*Work instruction:* From the entries below, reproduce exactly the line containing "The signal generator", the line containing "随后,刘大炜书记与尚娟律师共", and every line in between, with nothing added.

*Entries supplied:*
--- START ---

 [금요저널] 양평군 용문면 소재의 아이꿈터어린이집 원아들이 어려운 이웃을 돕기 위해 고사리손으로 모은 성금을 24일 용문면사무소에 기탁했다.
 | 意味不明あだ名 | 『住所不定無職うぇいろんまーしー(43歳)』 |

--- END ---
--- START ---

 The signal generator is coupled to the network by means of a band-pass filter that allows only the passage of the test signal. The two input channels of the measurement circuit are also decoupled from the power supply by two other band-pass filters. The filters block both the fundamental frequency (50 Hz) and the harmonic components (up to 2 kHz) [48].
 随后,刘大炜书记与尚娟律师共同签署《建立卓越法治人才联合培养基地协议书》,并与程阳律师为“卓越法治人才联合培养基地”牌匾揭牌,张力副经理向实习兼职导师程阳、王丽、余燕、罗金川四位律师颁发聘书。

--- END ---
--- START ---

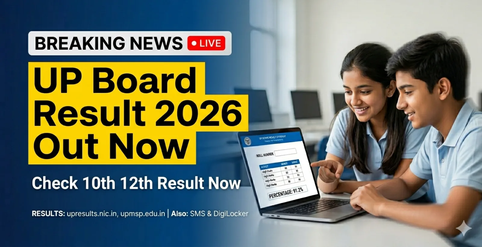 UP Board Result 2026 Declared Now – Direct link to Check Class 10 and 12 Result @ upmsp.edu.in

--- END ---

*Written response:*
 The signal generator is coupled to the network by means of a band-pass filter that allows only the passage of the test signal. The two input channels of the measurement circuit are also decoupled from the power supply by two other band-pass filters. The filters block both the fundamental frequency (50 Hz) and the harmonic components (up to 2 kHz) [48].
 随后,刘大炜书记与尚娟律师共同签署《建立卓越法治人才联合培养基地协议书》,并与程阳律师为“卓越法治人才联合培养基地”牌匾揭牌,张力副经理向实习兼职导师程阳、王丽、余燕、罗金川四位律师颁发聘书。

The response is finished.